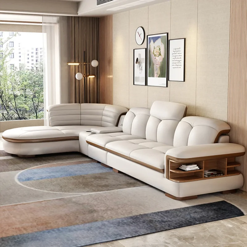 (3 Reviews) MANBAS Top Grain Genuine Leather Sofa with Corner Sectional Modern Italian Leather Couch Big Arc Shape Living Room Sofas Set
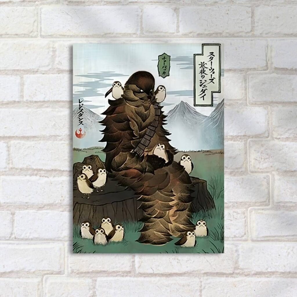 Quadro Decorativo Wookiee Porgs Montanha Arvore
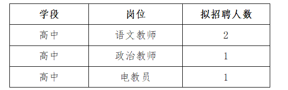 1.學科教師:大學本科學歷,專業符合相應學科要求(有學士學位、高中教師資格證的優先聘用);高校大四在校本科生可通過教育實習形式應聘。
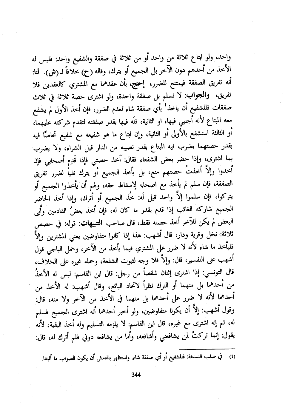 وَاحِدٌ وَلَوِ ابْتَاعَ ثَلَاثَةً مِنْ وَاحِدٍ أَوْ مِنْ ثَلَاثَةٍ فِي صَفْقَةٍ وَالشَّفِيعُ وَاحِدٌ فَلَيْسَ لَهُ الْأَخْذُ مِنْ أَحَدِهِمْ دُونَ الْآخَرِ بَلِ الْجَمِيعِ أَوْ يَتْرُكُ وَقَالَهُ ح خِلَافًا لِ ش لَنَا أَنَّهُ تَفْرِيقُ الصَّفْقَةِ فَيَمْتَنِعُ لِلضَّرَرِ احْتُجَّ بِأَنَّ عَقْدَهُمَا مَعَ الْمُشْتَرِي كَالْعَقْدَيْنِ فَلَا تَفْرِيقَ وَالْجَوَابُ لَا نُسَلِّمُ بَلْ صَفْقَةٌ وَاحِدَةٌ وَلَوِ اشْتَرَى حِصَّةَ ثَلَاثَةٍ فِي ثَلَاثِ صَفَقَاتِ فَلِلشَّفِيعِ أَنْ يَأْخُذَ بِأَيِّ صَفْقَةٍ شَاءَ لِعَدَمِ الضَّرَر فَإِن اخذ الأول لَمْ يَشْفَعْ مَعَهُ الْمُبْتَاعُ لِأَنَّهُ أَجْنَبِيٌّ فِيهَا أَوِ الثَّانِيَةَ فَلَهُ فِيهَا بِقَدْرِ صَفْقَتِهِ لِتَقَدُّمِ شَرِكَتِهِ عَلَيْهِمَا أَوِ الثَّالِثَةَ اسْتَشْفَعَ بِالْأُولَى أَوِ الثَّانِيَةِ وَإِنِ ابْتَاعَ مَا هُوَ شَفِيعُهُ مَعَ شَفِيعٍ تَحَاصَّا فِيهِ بِقَدْرِ حِصَّتِهِمَا يَضْرِبُ فِيهِ الْمُبْتَاعُ بِقَدْرِ نَصِيبِهِ مِنَ الدَّارِ قَبْلَ الشِّرَاءِ وَلَا يَضْرِبُ بِمَا اشْتَرَى وَإِذَا حَضَرَ بَعْضُ الشُّفَعَاءِ فَقَالَ آخُذُ حِصَّتِي فَإِذَا قَدِمَ أَصْحَابِي فَإِنْ أَخَذُوا وَإِلَّا أَخَذْتُ حِصَّتَهُمْ مُنِعَ بَلْ يَأْخُذُ الْجَمِيعَ أَوْ يَتْرُكُ نَفْيًا لِضَرَرِ تَفْرِيقِ الصَّفْقَةِ فَإِنْ سَلَّمَ لَمْ يَأْخُذْ مَعَ أَصْحَابِهِ لِإِسْقَاطِ حَقِّهِ وَلَهُمْ أَنْ يَأْخُذُوا الْجَمِيعَ أَوْ يتْركُوا فَإِن سلمُوا إِلَّا وَاحِد قِيلَ لَهُ خُذِ الْجَمِيعَ أَوِ اتْرُكْ وَإِذَا أَخَذَ الْحَاضِرُ الْجَمِيعَ شَارَكَهُ الْغَائِبُ إِذَا قَدِمَ بِقَدْرِ مَا كَانَ لَهُ فَإِنْ أَخَذَ بَعْضُ الْقَادِمِينَ وَأَبَى الْبَعْضُ لَمْ يَكُنْ لِلْآخَرِ أَخْذُ حِصَّتِهِ فَقَطْ قَالَ صَاحِبُ التَّنْبِيهَاتِ قَوْلُهُ فِي حِصَصٍ ثَلَاثَةٍ نَخْلٍ وَقَرْيَةٍ وَدَارٍ قَالَ أَشْهَبُ هَذَا إِذَا كَانُوا مُتَفَاوِضِينَ يَعْنِي الْمُشْتَرِينَ وَإِلَّا فَلْيَأْخُذْ مَا شَاءَ لِأَنَّهُ لَا ضَرَرَ عَلَى الْمُشْتَرِي فِيمَا يَأْخُذُ مِنَ الْآخَرِ وَحَمَلَ الْبَاجِيُّ قَوْلَ أَشْهَبَ عَلَى التَّفْسِيرِ قَالَ وَإِلَّا فَلَا وَجْهَ لِثُبُوتِ الشُّفْعَةِ وَحَمَلَهُ غَيْرُهُ عَلَى الْخِلَافِ قَالَ التُّونِسِيُّ إِذَا اشْتَرَى اثْنَانِ شِقْصًا مِنْ رَجُلٍ قَالَ ابْنُ الْقَاسِمِ لَيْسَ لَهُ الْأَخْذُ مِنْ أَحَدِهِمَا بَلْ مِنْهُمَا أَوِ التَّرْكُ نَظَرًا لِاتِّحَادِ الْبَائِعِ وَقَالَ أَشْهَبُ لَهُ الْأَخْذُ مِنْ أَحَدِهِمَا لِأَنَّهُ لَا ضَرَرَ عَلَى أَحَدِهِمَا بَلْ مِنْهُمَا فِي الْأَخْذِ مِنَ الْآخَرِ وَلَا مِنْهُ قَالَ وَقَوْلُ أَشْهَبَ إِلَّا أَنْ يَكُونَا مُتَفَاوِضَيْنِ وَلَوْ أَخْبَرَ أَحَدُهُمَا أَنَّهُ اشْتَرَى الْجَمِيعَ فَسَلَّمَ لَهُ ثُمَّ إِنَّهُ اشْتَرَى مَعَ غَيْرِهِ قَالَ ابْنُ الْقَاسِمِ لَا يَلْزَمُهُ التَّسْلِيمُ وَلَهُ أَخْذُ الْبَقِيَّةِ لِأَنَّهُ يَقُولُ إِنَّمَا تَرَكْتُ لِمَنْ يُشَافِعُنِي وَأُشَافِعُهُ وَأَمَّا مَنْ يُشَافِعُهُ دُونِي فَلَمْ أَتْرُكْ لَهُ قَالَ
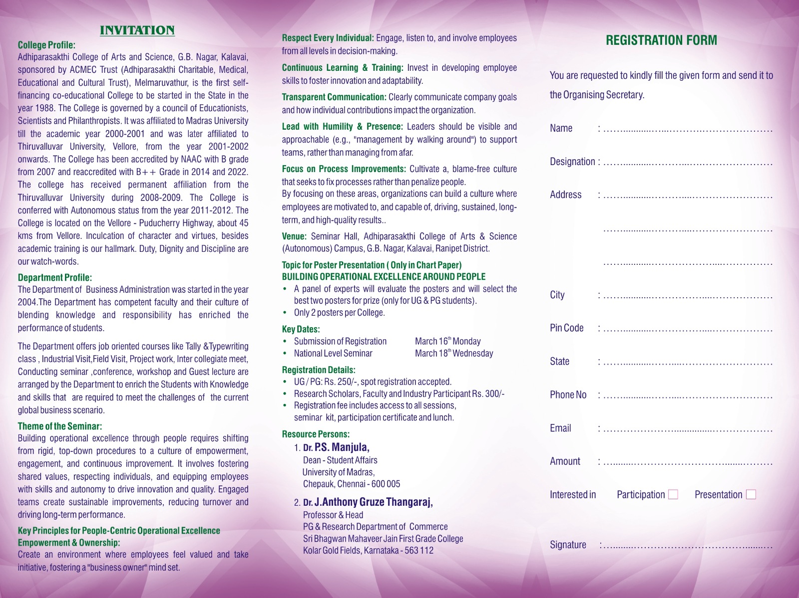 The Department of Business Administration at Adhiparasakthi College of Arts and Science, G.B. Nagar, Kalavai, is organizing the "National Seminar on Building Operational Excellence Around People - (BOEAP-26)" on 18th March 2026.
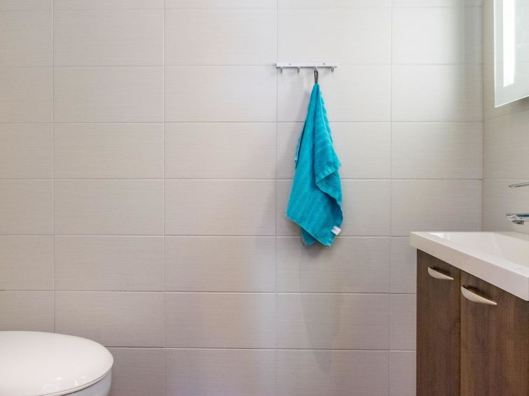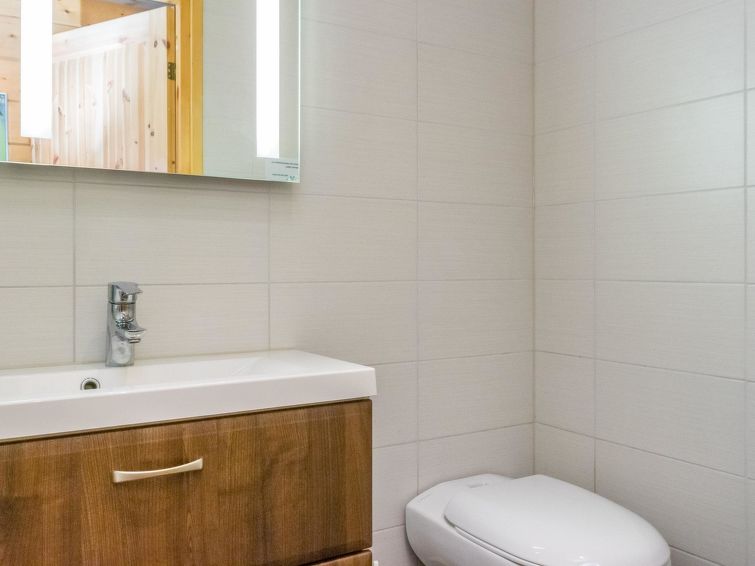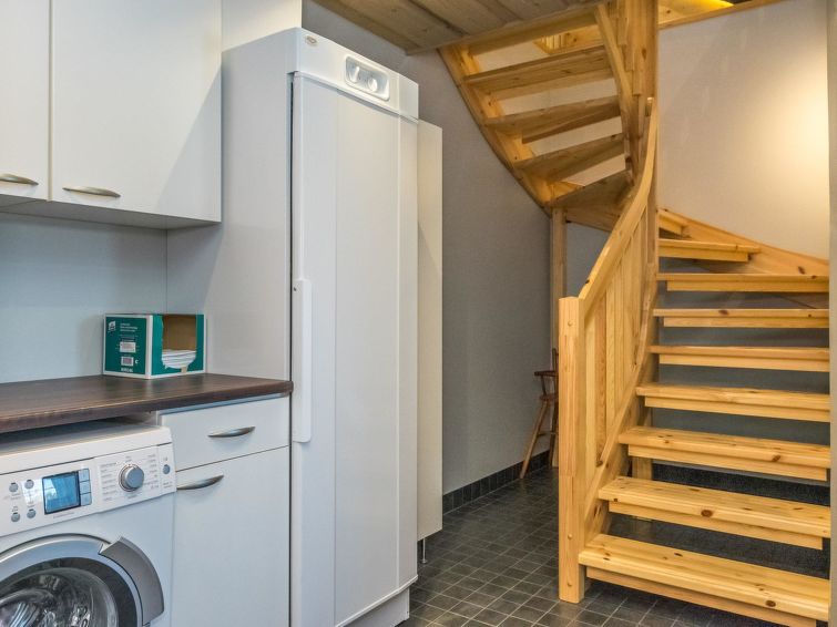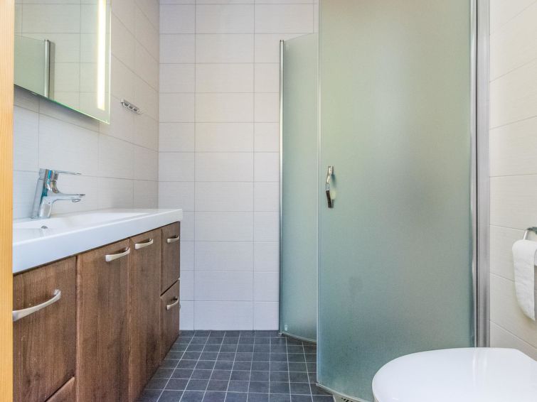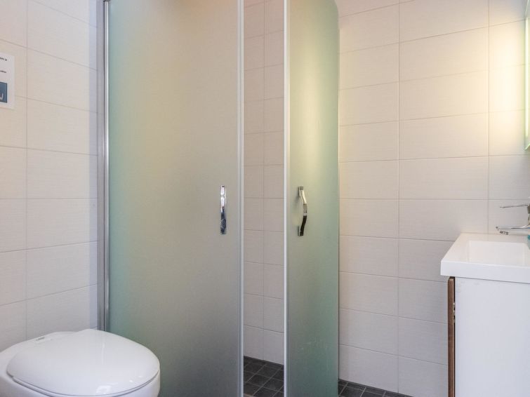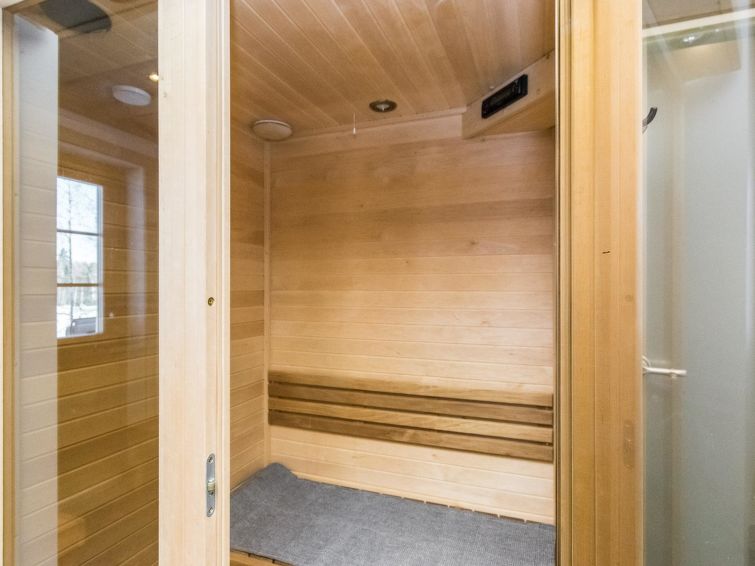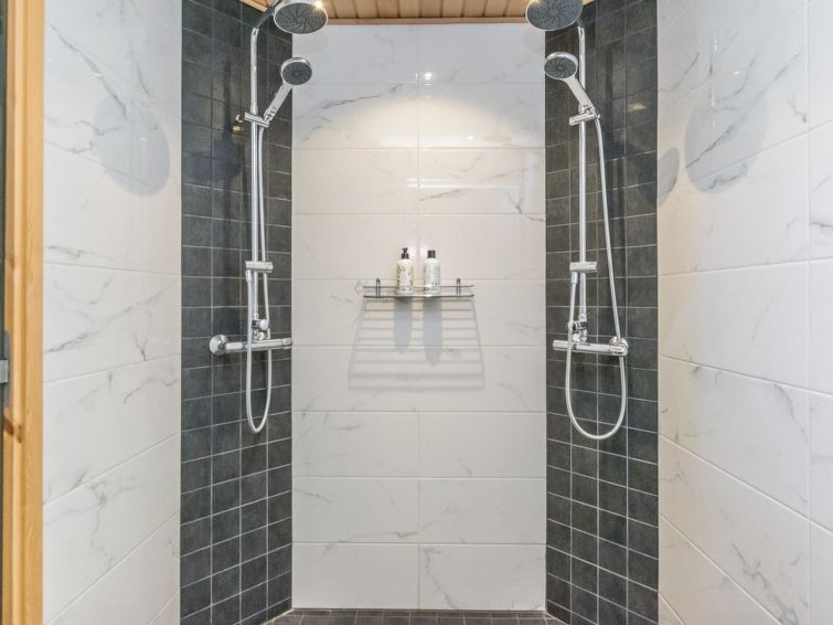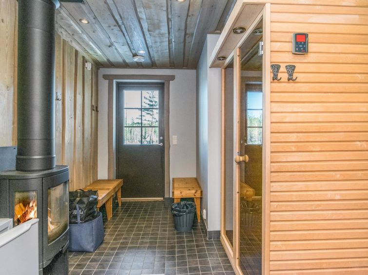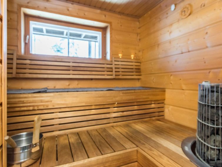 On the upper floor, there are two bedrooms, both of which have their own bathroom with WC and shower, plus a TV and DVD player. On the ground floor, there is one bedroom with a private bathroom with WC and shower, TV and DVD player. In the sauna section, you can relax in an infrared sauna, an electric sauna or a fireplace room.
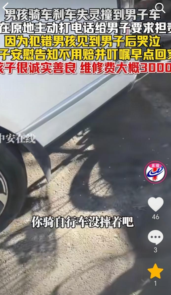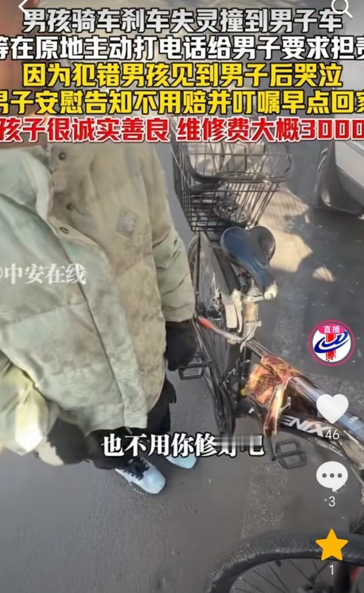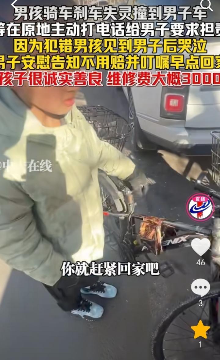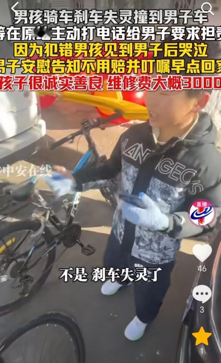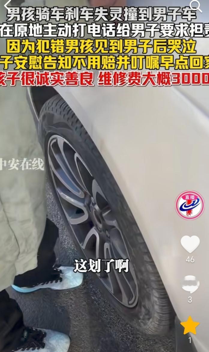 有担当!内蒙古,男孩骑车刹车失灵结果撞上了男子的车,男孩主动打电话给男子要求担责,男子到场查看后询问男孩家里大人呢?男孩顿时就哭了起来,男子连忙安慰男孩不要哭,并且询问有没有摔着以及怎样撞上的,和男孩一块的小伙伴解释称,刹车失灵了捏不住了就撞上了,男子听后虽然维修大概需要3000元,但是男子并没有让男孩担责,而是表示自己有保险让男孩赶紧回家。 男孩骑车撞了男子的车,没有因为害怕而逃跑,而是主动联系男子要求担责,由此可见男孩是一个有担当敢于承担错误的人,就凭借这一点,就值得为男孩点赞,应该也就是男孩的言行感动到了男子,因此才没有让男孩赔偿。 不管做任何事,如果做错了就要敢于担当,不要想着逃避,如果男孩选择逃避可能就会是另一种结果。
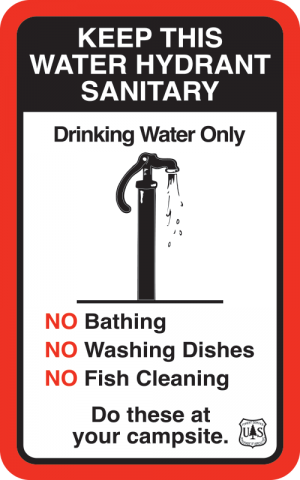 5 x 8 x .050 Polyflex Sign - "Keep This Water Hydrant Sanitary, Drinking Water Only, No Bathing, No Washing Dishes, No Fish Cleaning, Do These At Your Campsite.", w/ USFS Logo, Wht/Blk/Red, NREF

*Task to carry out*
The lines from the beginning of the listing above through the line holding "1.學科教師:大學本科學歷,專業符合相應" are to be duplicated exactly, and the pictures omitted.

*Answer to this problem*
 (3 Reviews) MANBAS Top Grain Genuine Leather Sofa with Corner Sectional Modern Italian Leather Couch Big Arc Shape Living Room Sofas Set
 Quadro Decorativo Wookiee Porgs Montanha Arvore
 1.學科教師:大學本科學歷,專業符合相應學科要求(有學士學位、高中教師資格證的優先聘用);高校大四在校本科生可通過教育實習形式應聘。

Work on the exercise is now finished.